Cependant, ceux qui ne marchent que doucement sur la pédale d’accélérateur en roulant arrêteront le moteur thermique et continueront à tourner sa mécanique en mouvement à l’aide d’un moteur électrique. Les soupapes sont fermées, de sorte que des coussins d’air se forment bruyamment dans les chambres de combustion, ce qui réduit la perte de puissance. C’est un fait que les performances de l’IMA (Integrated Motor Assist) sont très attrayantes – même en mode éco.
Ce qui est également dû au fait que la transmission à variation continue ne permet pas au moteur à essence de tourner aussi haut. Au-delà de 4 000 $/min, la Honda Hybride sera un scandale, mais demeure globalement économique. En moyenne, il est de 5,9 L/100 km.
Economies ? C’est là que le moteur diesel à trois cylindres de la VW Blue Motion tremble dans ses roulements. Le moteur optimisé de 1,2 litre provient du moteur quatre cylindres de 1,6 litre et est couplé à une boîte de vitesses à cinq rapports conviviale NEDC et à engrenage long. De plus, il y a le démarrage-arrêt, la récupération de l’énergie de freinage et une carrosserie particulièrement aérodynamique. Cela ne l’aide pas beaucoup au démarrage.

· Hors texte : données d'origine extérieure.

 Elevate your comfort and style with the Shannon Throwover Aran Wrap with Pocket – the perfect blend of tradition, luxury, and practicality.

Le Blue Motion de 1,1 tonne se met en marche avec beaucoup d’efforts, s’arrête presque à bas régime dans les virages serrés en épingle à cheveux, il ne se sent chez lui que dans les régions moyennes et joue ses 180 mètres Newton de couple. C’est pourquoi la VW Polo Blue Motion convainc non seulement par sa faible consommation de carburant (minimum 3,6, moyenne 4,9 L/100 km), mais aussi en tant que parapente cultivé.

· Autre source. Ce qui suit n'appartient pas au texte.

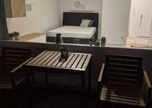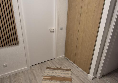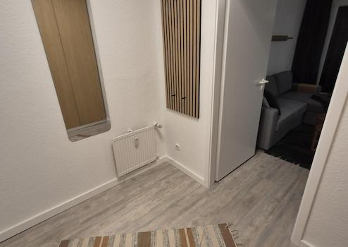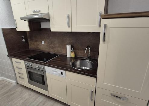 Eigener Treppenaufgang zur Wohnung, möbelierte Wohnung mit Schlafniesche, geräumiger Flurschrank, renoviertes Bad mit Glasdusche (fensterlos), Panoramafester (3-fach Verglasung), Küche nit Backofen, 4-Plattenkochfeld, Geschirrspüler, Kühlschrank mit Gefrierfach, Dunstabzug, Waschmaschienenanschluss, Trockenraum,

Contrairement à l’Opel 1.3 CDTi Ecoflex, qui ne profite pas systématiquement des avantages des quatre cylindres en termes de vibration. Vibrant, clouant et sifflant turbulemment, il imite le véhicule utilitaire bonsaï. Le potentiel d’économie (consommation d’environ 3,9 L/100 km) et la puissance délivrée sont similaires à ceux de la VW Polo Blue Motion, mais avec moins de faiblesse au démarrage.
Révolution et variété de moteurs : si vous voulez économiser du carburant dur, vous devez conduire le diesel plus cher, les coupe-carburant peuvent choisir des moteurs essence pour la même puissance, même comme hybrides.
les petites voitures ont ce qu’il faut pour être la première voiture, de sorte qu’une étape autoroutière étendue et une boucle de route de campagne exigeante sont incluses dans la consommation d’essai. Cette dernière traverse des villages et des virages en épingle à cheveux étroits, ainsi que des pentes. Cela nécessite souvent d’accélérer et de ralentir, ce qui expose rapidement une coordination de l’épargne qui est très éloignée de la pratique. La vitesse maximale sur l’autoroute est de 140 km/h, la vitesse moyenne est de 110 km/h. Sur la route de campagne, la vitesse moyenne est de 55 km/h. Le programme d’essai de consommation est complété par un voyage comparatif en ville.